_Input data:_
========================================================================

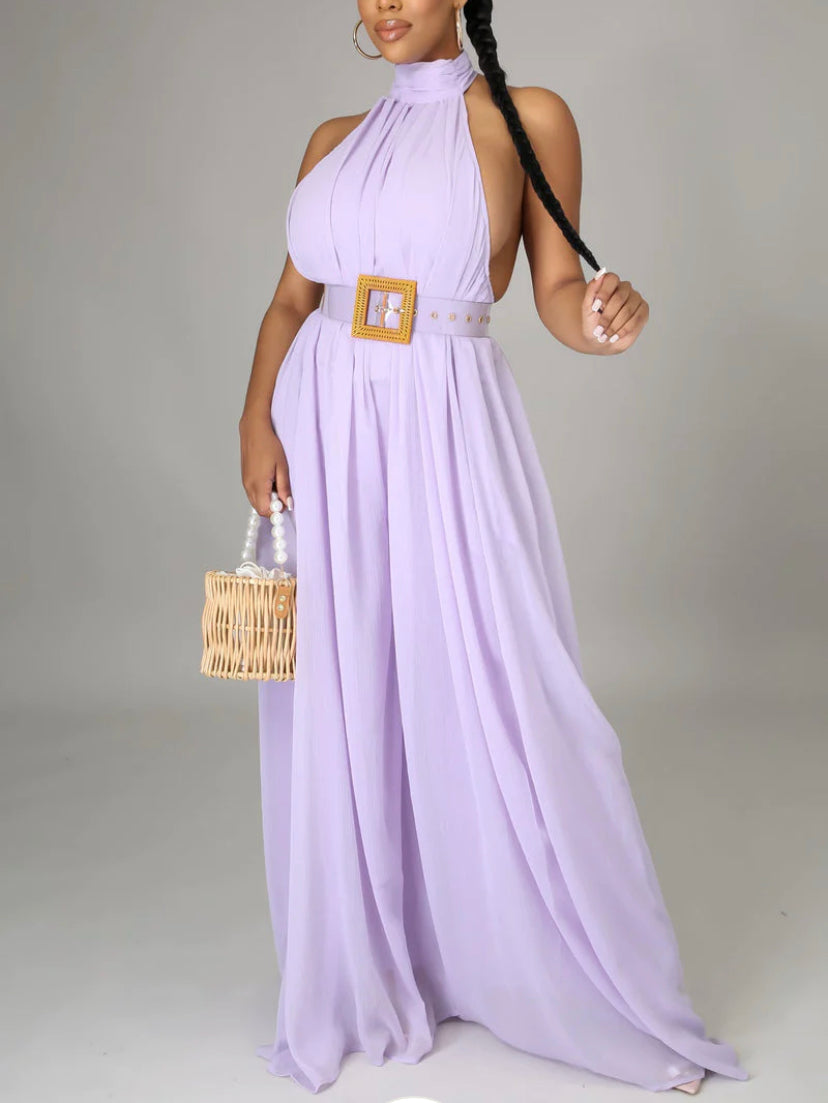 Make a statement in our Mariah Wide Leg Halter Jumpsuit. This captivating jumpsuit is designed to turn heads, featuring a sophisticated halter neckline that highlights your shoulders and elongates your silhouette. The dramatic wide legs create a flowing, elegant look that's perfect for any occasion. Crafted from luxurious 100% rayon that drapes beautifully, and lined with smooth 100% polyester for added comfort, this jumpsuit feels as good as it looks. The delicate lilac color adds a touch of romance. Style it with your favorite belt to create a look that's uniquely yours. (Belt not included). Machine wash cold. Imported.
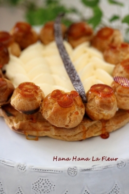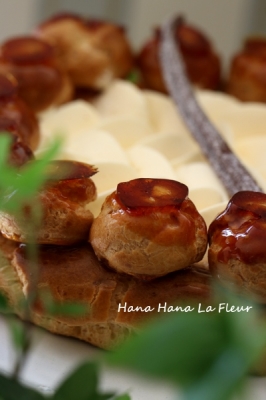 クリームが絞れたら、プティシューにカラメルをコーティングして、周りに貼り付けます
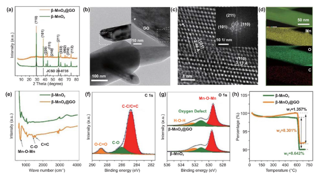 2@ GO的透射電鏡、HRTEM形貌和相關(guān)EDS圖(b和c中的插入物分別顯示了GO層的存在和衍射圖)。e β- MnO
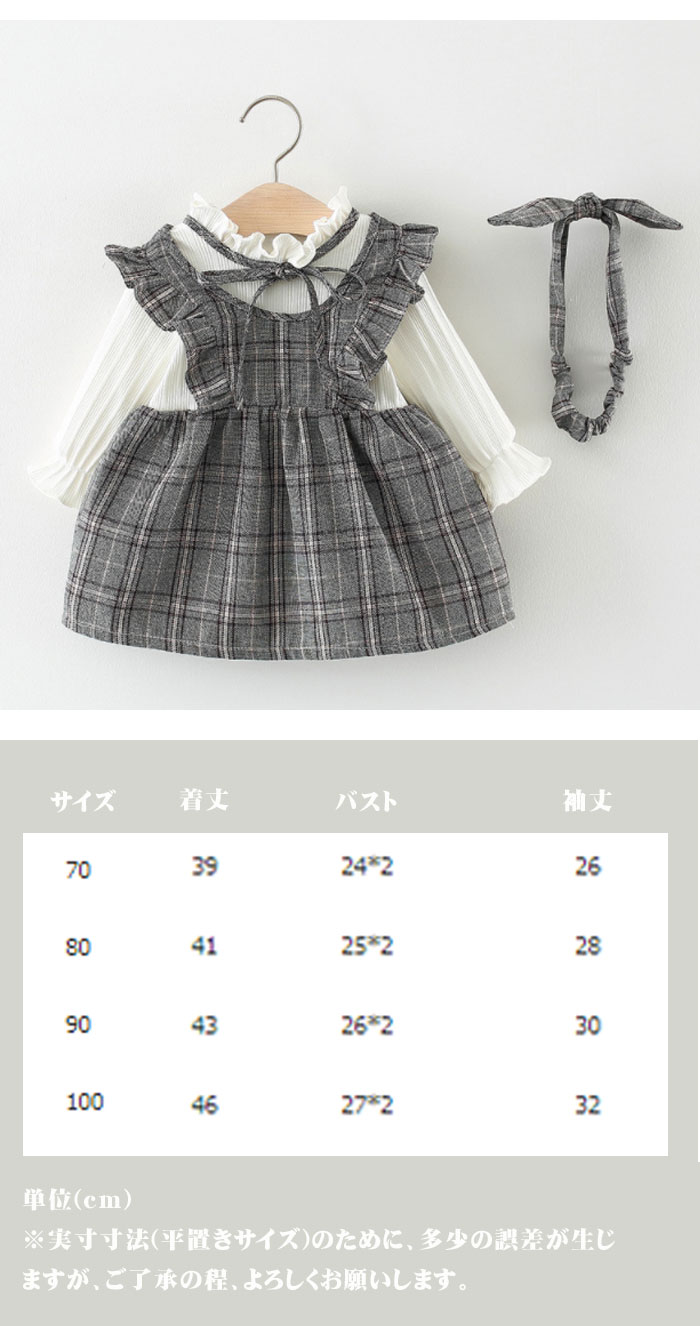 ベビー ワンピース キッズ ワンピ ベビーワンピ キッズワンピ チェック 子供服 ベビー服 子ども 女の子 おしゃれ 可愛い かわいい 重ね着風 卒園式 入園式 70 フォーマル

========================================================================

_Problem statement:_
Restate every line of the listing exactly. Pictures are not part of the copy.

_Exercise response:_
 Make a statement in our Mariah Wide Leg Halter Jumpsuit. This captivating jumpsuit is designed to turn heads, featuring a sophisticated halter neckline that highlights your shoulders and elongates your silhouette. The dramatic wide legs create a flowing, elegant look that's perfect for any occasion. Crafted from luxurious 100% rayon that drapes beautifully, and lined with smooth 100% polyester for added comfort, this jumpsuit feels as good as it looks. The delicate lilac color adds a touch of romance. Style it with your favorite belt to create a look that's uniquely yours. (Belt not included). Machine wash cold. Imported.
 クリームが絞れたら、プティシューにカラメルをコーティングして、周りに貼り付けます
 2@ GO的透射電鏡、HRTEM形貌和相關(guān)EDS圖(b和c中的插入物分別顯示了GO層的存在和衍射圖)。e β- MnO
 ベビー ワンピース キッズ ワンピ ベビーワンピ キッズワンピ チェック 子供服 ベビー服 子ども 女の子 おしゃれ 可愛い かわいい 重ね着風 卒園式 入園式 70 フォーマル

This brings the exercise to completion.